◆ **Work required**
Copy out exactly, from the entries that follow, the line holding "Velas Mix De", the line holding "Stay warm and", and all lines between them, but no pictures.

◆ **Records to use**
# # #
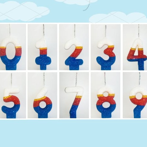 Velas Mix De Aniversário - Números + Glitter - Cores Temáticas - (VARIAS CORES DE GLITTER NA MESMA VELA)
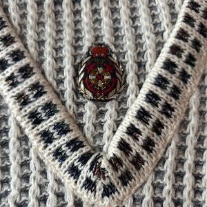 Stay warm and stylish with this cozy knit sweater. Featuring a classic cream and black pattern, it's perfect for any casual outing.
# # #
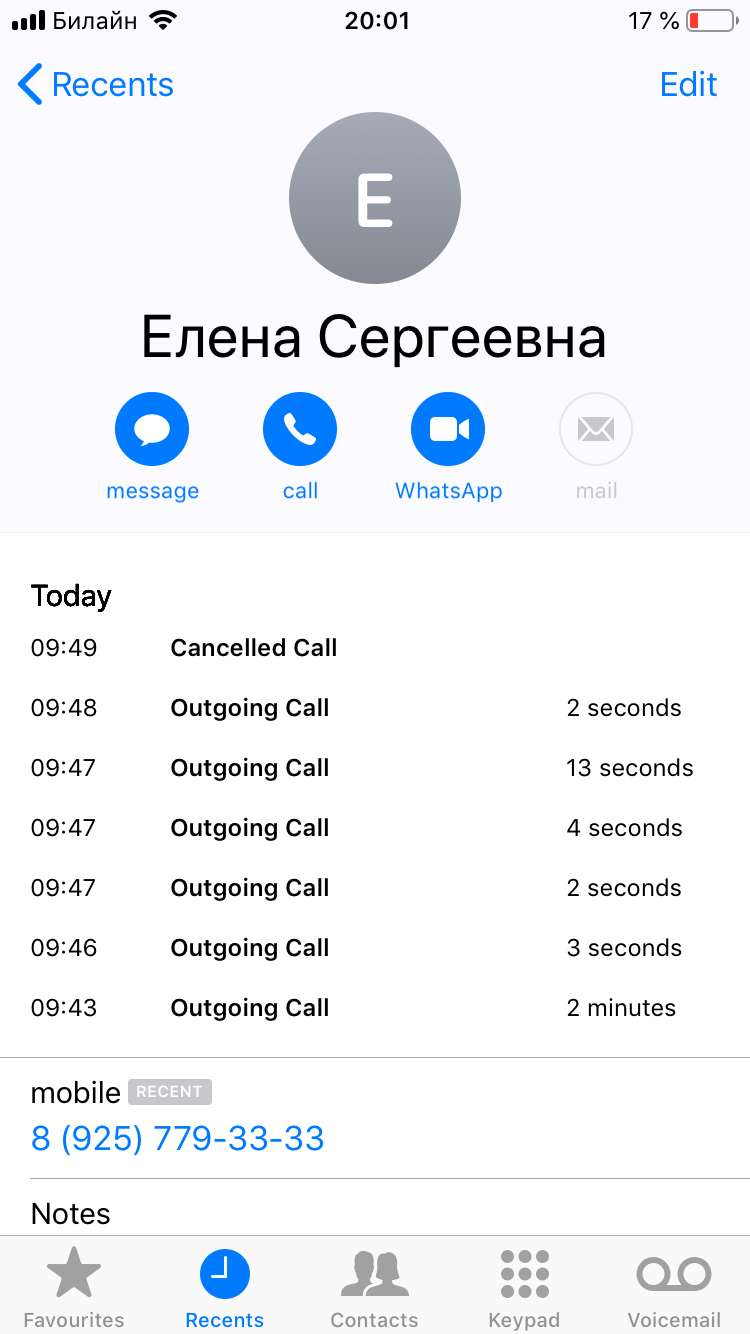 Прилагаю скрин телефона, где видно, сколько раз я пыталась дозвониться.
# # #
◆ **Response to the exercise**
 Velas Mix De Aniversário - Números + Glitter - Cores Temáticas - (VARIAS CORES DE GLITTER NA MESMA VELA)
 Stay warm and stylish with this cozy knit sweater. Featuring a classic cream and black pattern, it's perfect for any casual outing.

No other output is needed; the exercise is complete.